He didn’t look at the face again, but it filled his head as the guy turned around once inside the elevator, hunched and still clutching the woollen coat over his chest.
“Thank You … ”
“Take care.”
“God Bless You”
The machinery screeched into motion as the elevator ascended, and the light went off in the hall. Joaquin stayed there in the darkness for a time, kicking his empty matchbox around the floor blindly. He finished his cigarette with unusual slowness before looking for the portfolio and heading out into the stifling day.
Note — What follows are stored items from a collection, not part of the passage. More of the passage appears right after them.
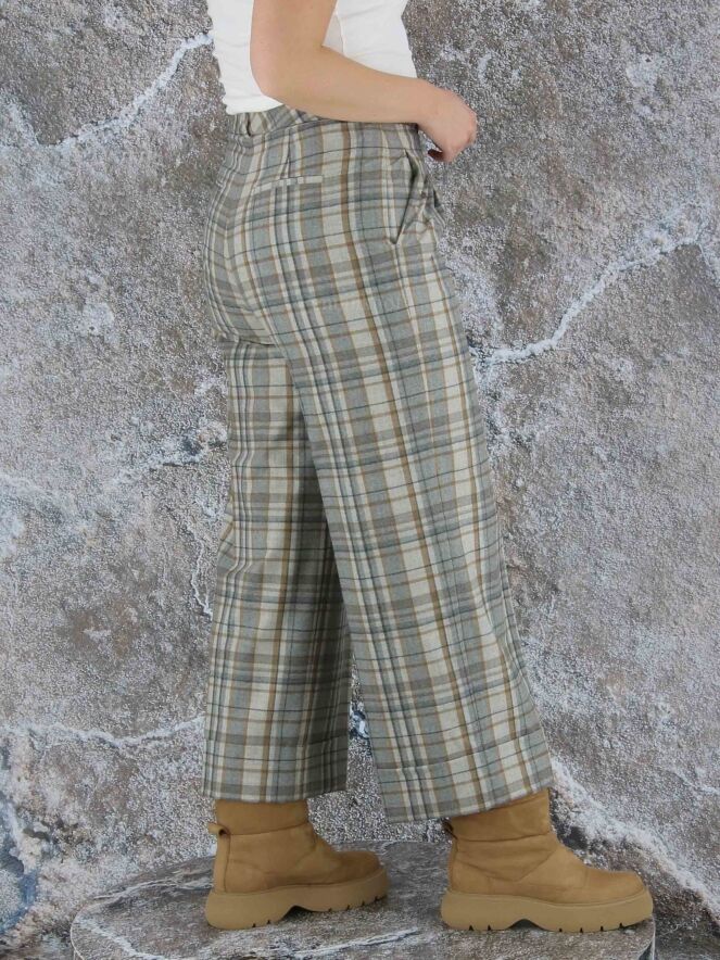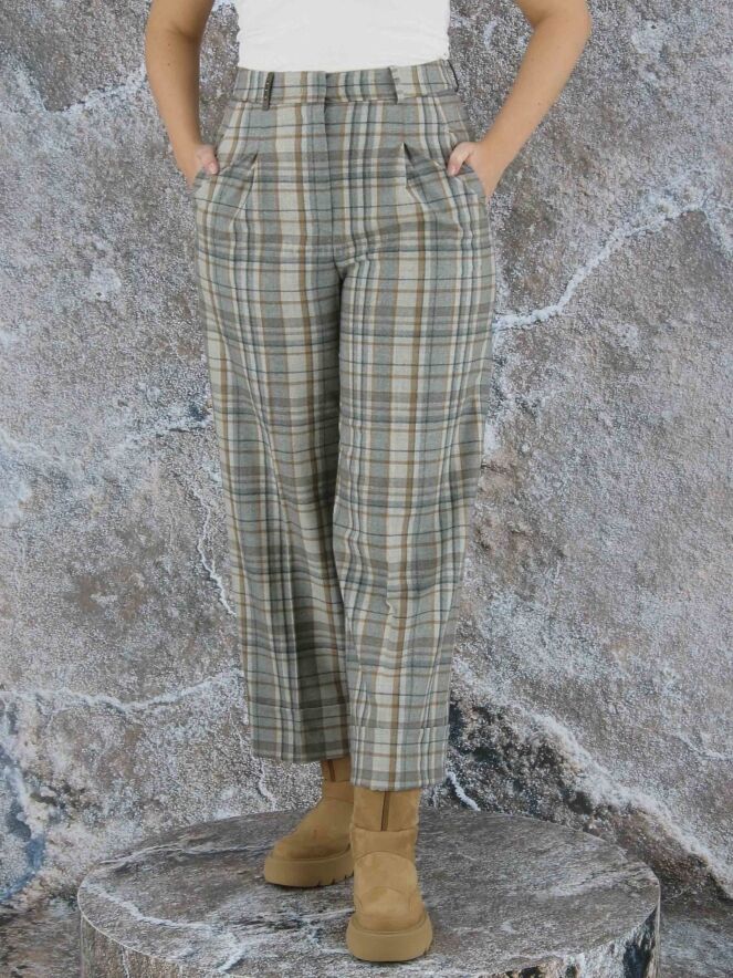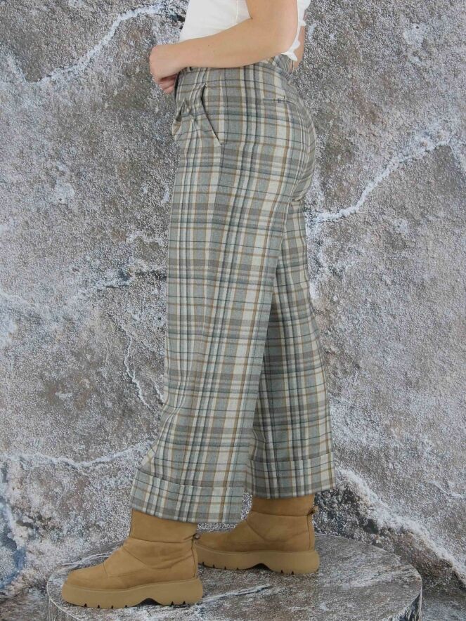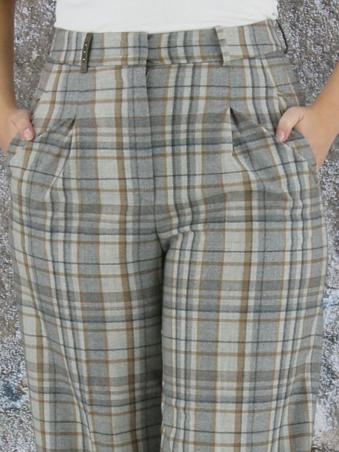 Een wijde broek van Peserico in een ruitpatroon met meerdere tinten grijs en camel. Vanuit de taille zijn er enkele bandplooien. De broek heeft steekzakken en aan de onderkant van de pijpen is een brede omslag. Deze broek mag op de hand worden gewassen.
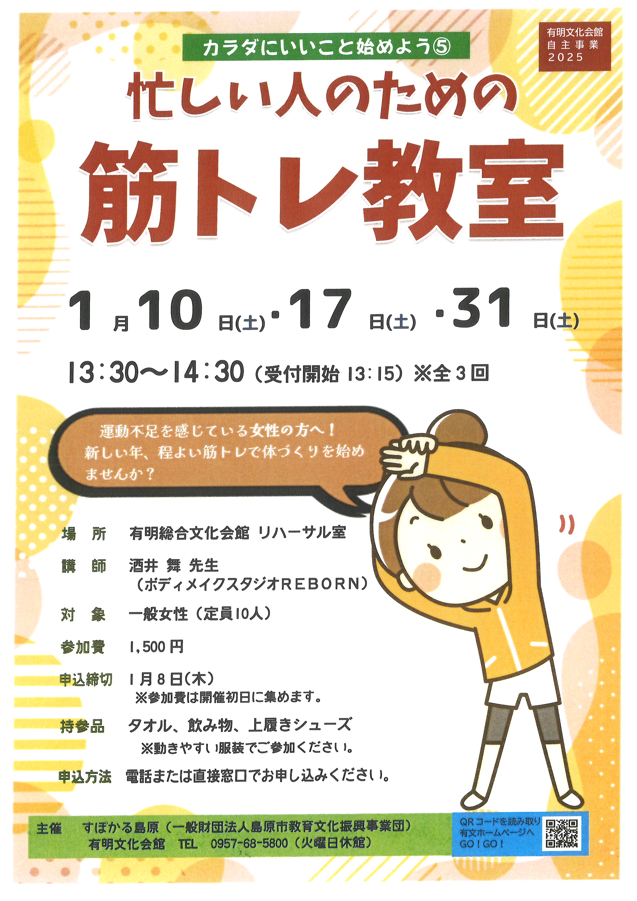 カラダにいいこと始めよう⑤「忙しい人のための筋トレ教室(女性向け)」参加者募集!
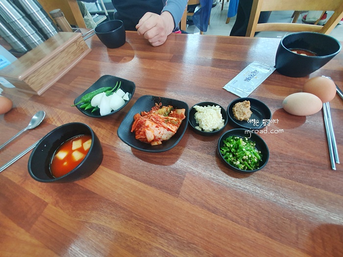 해장국을 주문하면 여느 해장국집과 비슷하다. 깍두기, 배추김치, 고추, 양파등이 나온다. 해장국에 같이 넣어 먹는 간마늘과 땡초 다진것도 나오고 날 달걀이 나온다. 날 달걀은 해장국에 넣어서 먹는다.
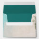 Pretty wedding envelope with a beach vibe that features a pretty palm tree on the front and a dark teal color on the inside. Fits our 5"x7" invitations and cards.
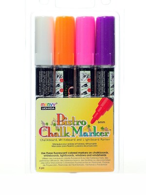 Bistro Markers are available in sets of 4 in fine point, broad point and chisel tip in a variety of color combinations. These markers are great on chalkboards, light boards, windows, and windshields. They are opaque, water based, and erasable with a damp cloth when dry.

He winced as he opened the door to the street, the light was blinding and the heat hit him like an oven blast.
He felt distinctly sick, his hand shook visibly as he ran it over his forehead, and his features had fallen into the old nervous frown he’d spent so many years trying to get rid of. A small perspiration stain was already forming down the back of the grey silk shirt. He began to run suddenly, butting through the hoard of screaming kids outside the door. Dealers accosted him from doorways:
“Smoke, Coke, Any high you want … ” Girls in large gold earrings pushed their prams in his path. He tore across Houston street, barely missing a truck at the lights, incurring the wrath of its driver who roared at him coarsely in Creole.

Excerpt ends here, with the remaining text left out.